EXERCISE INPUTS:
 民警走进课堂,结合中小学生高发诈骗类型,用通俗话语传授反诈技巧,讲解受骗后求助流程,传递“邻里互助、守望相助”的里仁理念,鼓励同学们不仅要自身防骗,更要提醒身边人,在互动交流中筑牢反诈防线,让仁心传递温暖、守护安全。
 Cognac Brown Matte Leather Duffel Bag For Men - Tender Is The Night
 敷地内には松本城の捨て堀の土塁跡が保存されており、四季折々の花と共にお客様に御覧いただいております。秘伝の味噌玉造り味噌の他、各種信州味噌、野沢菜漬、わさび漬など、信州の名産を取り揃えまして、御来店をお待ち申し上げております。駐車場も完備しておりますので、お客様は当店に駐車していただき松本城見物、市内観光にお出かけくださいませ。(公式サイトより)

---

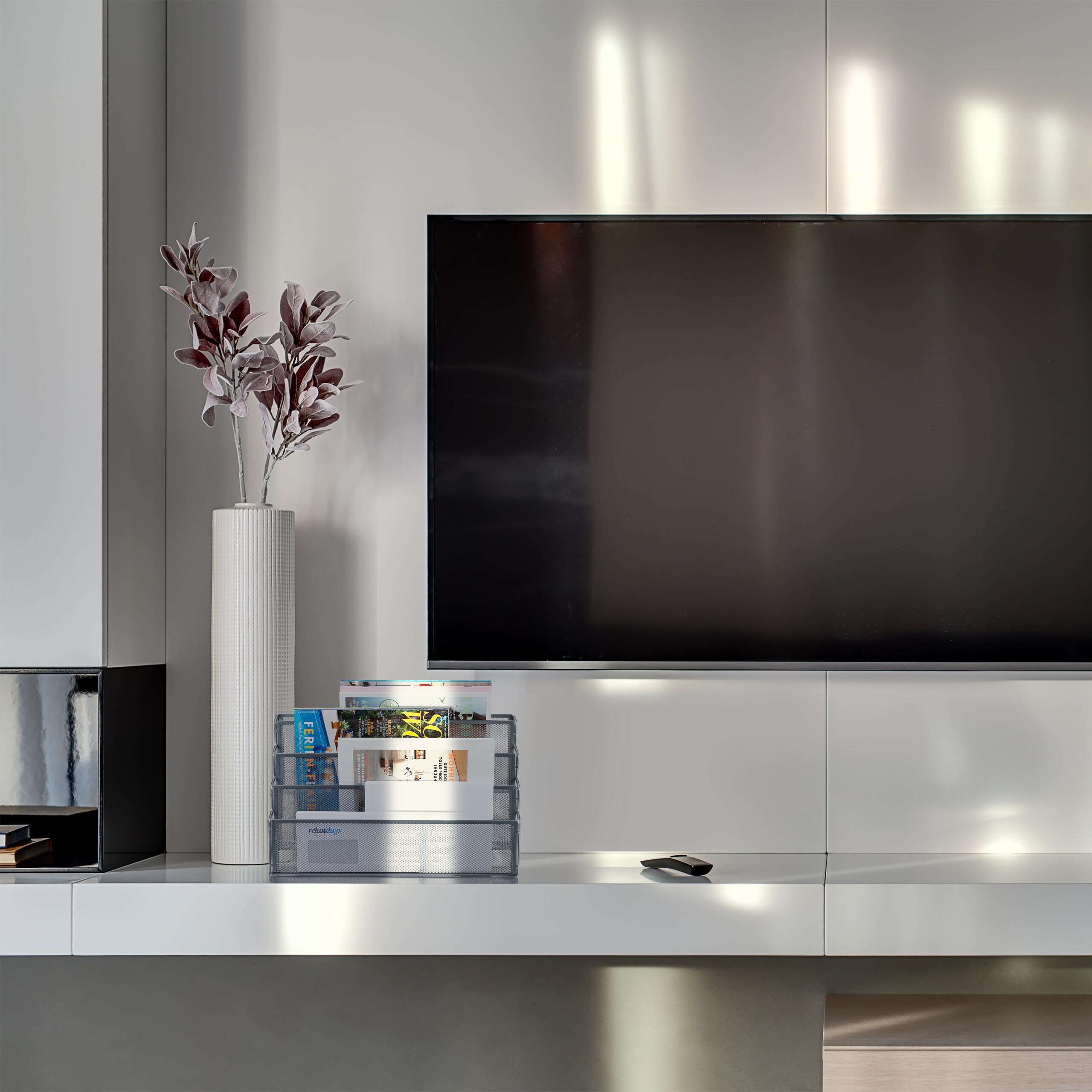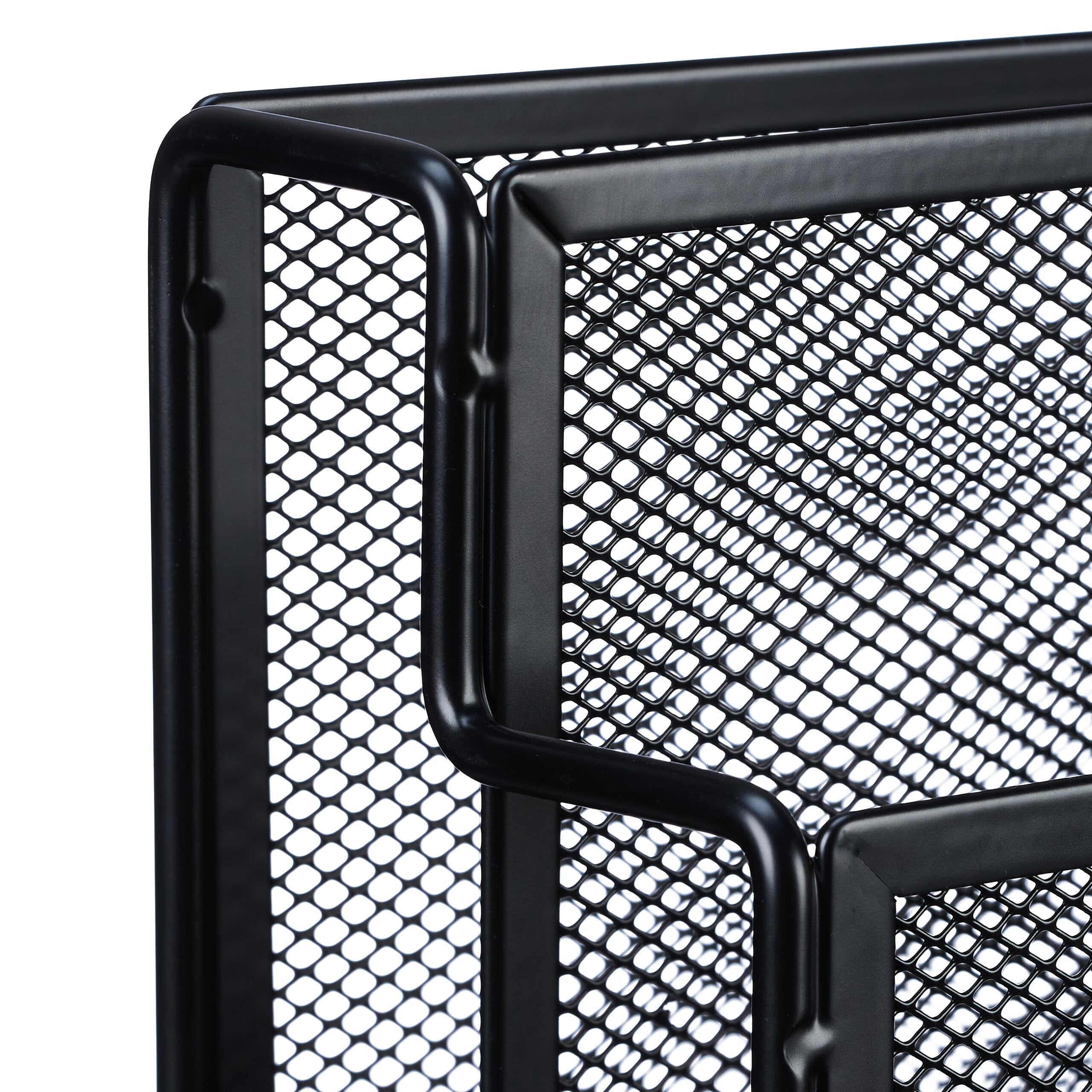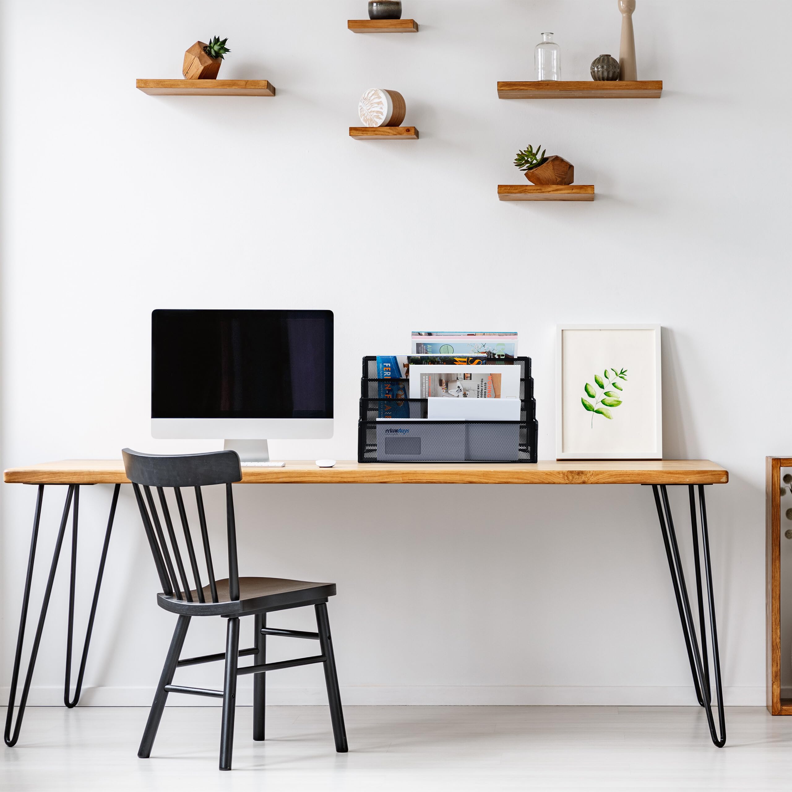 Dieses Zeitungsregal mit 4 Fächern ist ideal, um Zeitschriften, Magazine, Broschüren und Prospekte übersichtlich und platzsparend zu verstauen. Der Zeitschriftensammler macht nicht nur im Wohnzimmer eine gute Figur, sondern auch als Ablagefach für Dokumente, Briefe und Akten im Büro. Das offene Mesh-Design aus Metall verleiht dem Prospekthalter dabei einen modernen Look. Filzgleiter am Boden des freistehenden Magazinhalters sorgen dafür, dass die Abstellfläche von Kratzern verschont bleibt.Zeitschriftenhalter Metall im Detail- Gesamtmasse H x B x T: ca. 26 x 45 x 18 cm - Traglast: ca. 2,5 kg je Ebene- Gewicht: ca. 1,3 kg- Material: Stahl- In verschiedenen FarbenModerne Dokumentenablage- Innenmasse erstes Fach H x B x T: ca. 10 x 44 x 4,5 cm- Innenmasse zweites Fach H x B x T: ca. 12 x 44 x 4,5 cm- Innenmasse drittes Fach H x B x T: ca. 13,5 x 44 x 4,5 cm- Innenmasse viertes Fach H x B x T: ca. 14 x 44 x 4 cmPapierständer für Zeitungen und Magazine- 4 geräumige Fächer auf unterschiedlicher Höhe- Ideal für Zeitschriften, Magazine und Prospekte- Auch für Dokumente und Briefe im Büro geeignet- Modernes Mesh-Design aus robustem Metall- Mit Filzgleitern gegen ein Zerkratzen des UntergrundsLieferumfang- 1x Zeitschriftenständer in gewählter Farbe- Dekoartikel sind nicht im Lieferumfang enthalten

...

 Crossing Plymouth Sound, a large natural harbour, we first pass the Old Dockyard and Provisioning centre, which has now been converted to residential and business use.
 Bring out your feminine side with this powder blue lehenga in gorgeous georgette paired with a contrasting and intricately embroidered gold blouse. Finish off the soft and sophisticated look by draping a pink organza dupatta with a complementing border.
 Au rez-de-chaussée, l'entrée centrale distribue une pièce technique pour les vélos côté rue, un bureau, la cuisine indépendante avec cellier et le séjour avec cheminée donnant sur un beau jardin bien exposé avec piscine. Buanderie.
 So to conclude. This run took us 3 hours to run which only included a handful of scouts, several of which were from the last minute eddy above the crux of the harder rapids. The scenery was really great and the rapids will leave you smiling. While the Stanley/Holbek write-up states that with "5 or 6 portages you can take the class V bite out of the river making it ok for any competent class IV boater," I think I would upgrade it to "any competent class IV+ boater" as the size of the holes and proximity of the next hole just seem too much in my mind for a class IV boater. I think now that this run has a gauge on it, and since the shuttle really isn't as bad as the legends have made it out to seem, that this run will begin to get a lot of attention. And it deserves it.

TRY IT: Reproduce the lines of the entries above from the one with "民警走进课堂,结合中小学生高" to the one with "敷地内には松本城の捨て堀の土", both included, exactly and without any other line.

OUTPUT OF THE EXERCISE:
 民警走进课堂,结合中小学生高发诈骗类型,用通俗话语传授反诈技巧,讲解受骗后求助流程,传递“邻里互助、守望相助”的里仁理念,鼓励同学们不仅要自身防骗,更要提醒身边人,在互动交流中筑牢反诈防线,让仁心传递温暖、守护安全。
 Cognac Brown Matte Leather Duffel Bag For Men - Tender Is The Night
 敷地内には松本城の捨て堀の土塁跡が保存されており、四季折々の花と共にお客様に御覧いただいております。秘伝の味噌玉造り味噌の他、各種信州味噌、野沢菜漬、わさび漬など、信州の名産を取り揃えまして、御来店をお待ち申し上げております。駐車場も完備しておりますので、お客様は当店に駐車していただき松本城見物、市内観光にお出かけくださいませ。(公式サイトより)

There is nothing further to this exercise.